Hi everyone,
i trying to find a way to calculate the distance between two resurces
withing dbpedia. I thought i could make a sareis of joins in sparql
like this
SELECT ?1 ?2 ?3 WHERE {
{<http://dbpedia.org/resource/Category:Historical_board_games> ?p1 ?1.}
UNION
{?1 ?p2 <http://dbpedia.org/resource/Category:Historical_board_games>.}
{?1 ?p3 ?2.}
UNION
{?2 ?p4 ?1.}
{?3 ?p5 ?2.}
UNION
{?2 ?p6 ?3.}
{<http://dbpedia.org/resource/Economics> ?p7 ?3.}
UNION
{?3 ?p8 <http://dbpedia.org/resource/Economics>.}
}
until i found at least one way between the resources, but as i thought
this kind of approach is really too heavy to compute and starting from
3 steps or more it will result in a timeout from the server executing
the sparql query.
So i was reading this article:
Discovering Unknown Connections – the DBpedia Relationship Finder
where are described two algorithms: the first one is a clustering one
witch divides the whole rdf triples in clusters of conncted sub-graphs
and assigns a distance value from a single random resource to all the
others. The other one does more or less what i'm trying to do,
calculating the ways that connect two nodes (also calculating the
minimum distance and the maximum distance as absolute value of the
difference and the sum of the relative distances to the central
resource), but there's this instruction:
"formulate SQL query for obtaining at most (n m) connections
between O1
and O2 of length d without objects and properties in the ignore list;"
so it is similar to my original idea.... i really would have liked to
see how it is implemented in an efficent way, so i downloaded the code
but i was unable to run it bacause of a db problem (it requies a
statement table and i donno where it cames from) and still can't find
where this implementation is within the sourcecode.

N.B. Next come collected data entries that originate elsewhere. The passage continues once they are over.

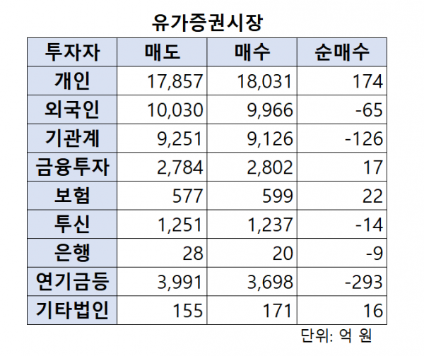 12일, 코스피 개인 순매수 외국인·기관 매도, 코스닥 외국인·개인 순매수 기관 매도 마감
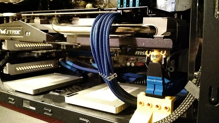 Поэтому для тяжелых видеокарт обязательно используйте специальные подпорки. Поддержка не только защитит ваш ПК, но и улучшит внешний вид сборки, предотвратив провисание, которое особенно заметно в корпусах с прозрачной боковой стенкой.
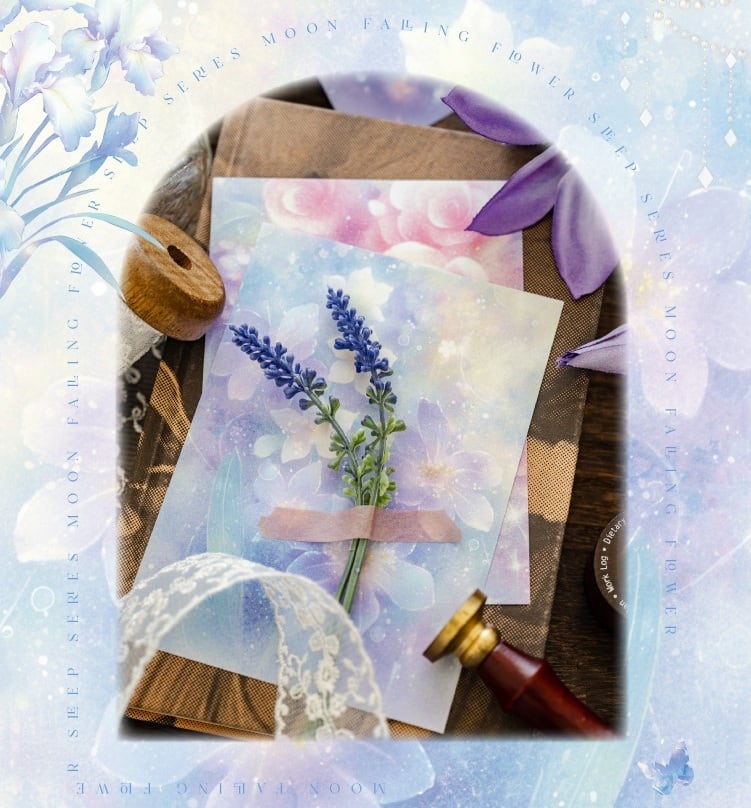 【素材紙】海外文具 コラージュ素材 手帳デコ 花柄 猫 ファンタジー デザインペーパー|Moon Falling Flower Sleep

By the way, have someone tried to solve this problem? are there any
kind of suggestion?
I thought another possiblity could be the sequent: starting form the
clsuterized rdf triples in the article, construct two trees with the 2
resoruces we want to find the distance as roots. Then each son is a
connected resource with a distance from the central resource fo the
cluster wich is less than root's distance from the center. At the n-th
level (where n is the distance from the central resource of the root
resource) we will have the central resource for sure. Then for each
resource in the first tree we search for it in the second one. Then we
save every matching reasource in a list with the sum of the distances
from the roots in the two trees. Once every resource is checked, the
resurce in the list with the smaller value is the resource that
minimizes the distance between the two nodes. The worst situation is
that there are no common resources in the trees other than the central
resource.
Maybe this works but it's a bit elaborate and probably hard to
compute... maybe there's a simplier way. Any suggestion?
Thankyou,
Piero Molino
------------------------------------------------------------------------------
Apps built with the Adobe(R) Flex(R) framework and Flex Builder(TM) are
powering Web 2.0 with engaging, cross-platform capabilities. Quickly and
easily build your RIAs with Flex Builder, the Eclipse(TM)based development
software that enables intelligent coding and step-through debugging.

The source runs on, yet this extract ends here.